To create an unbiased, fact-based narrative, LDC has forged research partnerships with major educational institutions like Cal State University, Stanford, Columbia and UCLA. On the think tank side, partners include Accenture, Bain & Company, the Boston Consulting Group and Warner Media.

Thanks to its leadership, LDC is self-funded and independent. “We commission it and pay for it,” Valdez said. The research itself is mostly economic. The LDC has developed more than 25 original research reports that demonstrate the significant economic impact of U.S. Latinos across all industries and levels.

“We are not about social justice or grassroots,” Valdez said. Instead, LDC helps demonstrate “the ways money is being left on the table by excluding Latinos.”

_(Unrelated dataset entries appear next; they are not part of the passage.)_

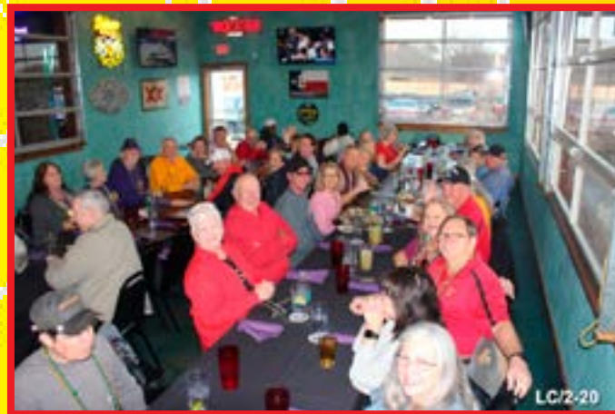
Mardi Gras Party...great food and fun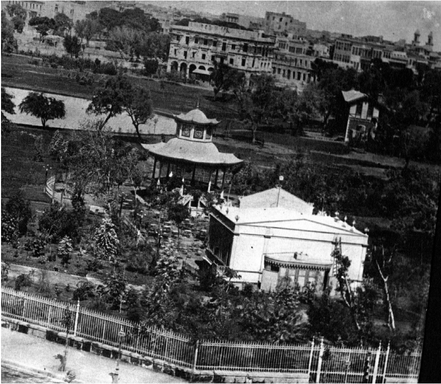
Figure 6: Théâtre-Concert du Jardin de l'Esbekieh, around 1872

version of Arab modernity offered by Syrians represented a potential khedivial Arab façade for his heir, Tevfik, in the colonial atmosphere of the 1880s. In order to mark themselves as 'patriotic', Syrians allied with Egyptian singers, thereby forging a particular type of interregional music theatre in Arabic. The most successful such alliance was the collaboration between the Syrian impresario Sulayman Qardahi and the Egyptian singer Salama Hijazi, first in the spring of 1882, performing at the Opera House for the patriotic 'Urabi Pasha. After the British suppressed the 'Urabi-revolt, in the second half of the 1880s, Qardahi and Hijazi achieved enormous success together with the support of Khedive Tevfik. During these years, symbolically embodying the continuity of old and new Azbakiyya, the singer 'Abduh al-Hamuli also returned from private khedivial service to the public, with regular concerts at the Opera House. By attending these patriotic ( waṭani ) occasions, ordinary Egyptians, Syrians and the self-nationalizing Ottoman Egyptian elite often expressed political opposition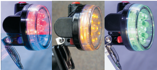
Ex ia IIC T3 IP67

Zones 0, 1, 2; Gas Groups IIA, IIB, IIC; Temperature Classes T1~T3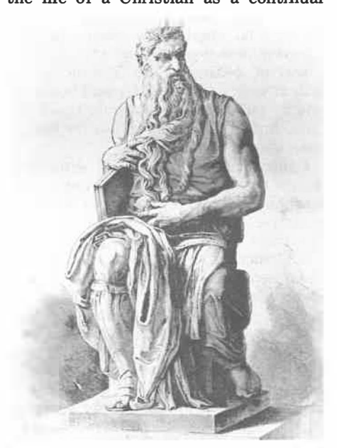
Moses (by Michelangelo): A model of growth in wisdom and virtue

St. Gregory of Nyssa (335-395) saw the life of a Christian as a continual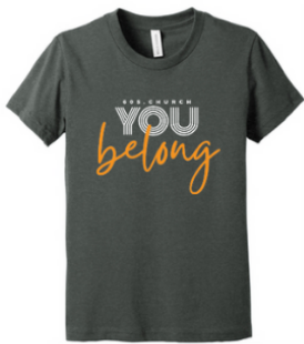
YOUTH SHORT SLEEVE TEE $12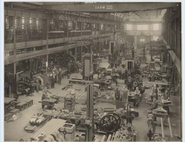
Morton Manufacturing Company, circa 1910s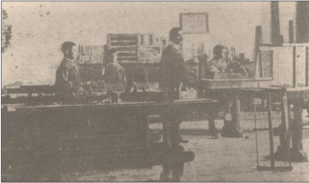
Fig. 9 | Joinery class between 1905 and 1912

Communications and convenings

Communication is also an important lever. LDC has developed close partnerships with ad agencies and content creators to create realistic portrayals of Latinos in media, avoid stereotypes and show community impact.

Beyond that, LDC hosts intimate CEO-to-CEO opportunities to help c-suite decision-makers understand and respond to Latino communities.

LDC also creates councils to help “spread the word,” and has built an advisory network of local leaders that Valdez characterized as “very active and passionate.” Some convenings are open to the press, and some are not. An annual LDC convening also draws large numbers of business leaders.

Changing perceptions

Our vision, Valdez said, is “to be regarded and respected as the powerful community we are, driving wealth.”

Perceptions of Latinos have changed over time, but not enough. Valdez said that “a little bit more than two-thirds of respondents recently said they consider Latinos to be ‘contributors,’ but that 55% of Americans related Latinos with criminal records in a national poll. Almost 60% thought Latinos were ‘mostly poor,’ while the true [poverty figure for Latinos in the U.S.] hovers at around 15%.”

These entrenched misperceptions fly in the face of the data. Valdez said that measured as a single economy, Latino production in the U.S. is higher than that of entire countries like Brazil, Russia or Italy. A 2020 report showed that 2019 production equaled $2.7 trillion, equivalent to the economy of France.

Even as sensationalized stories and political stunts involving Latino immigrants continue to dominate headlines, LDC is making the case that losing sight of what this diverse and economically powerful population has already been bringing to the table in the U.S. would be both bad in two ways — bad for equity and bad for business.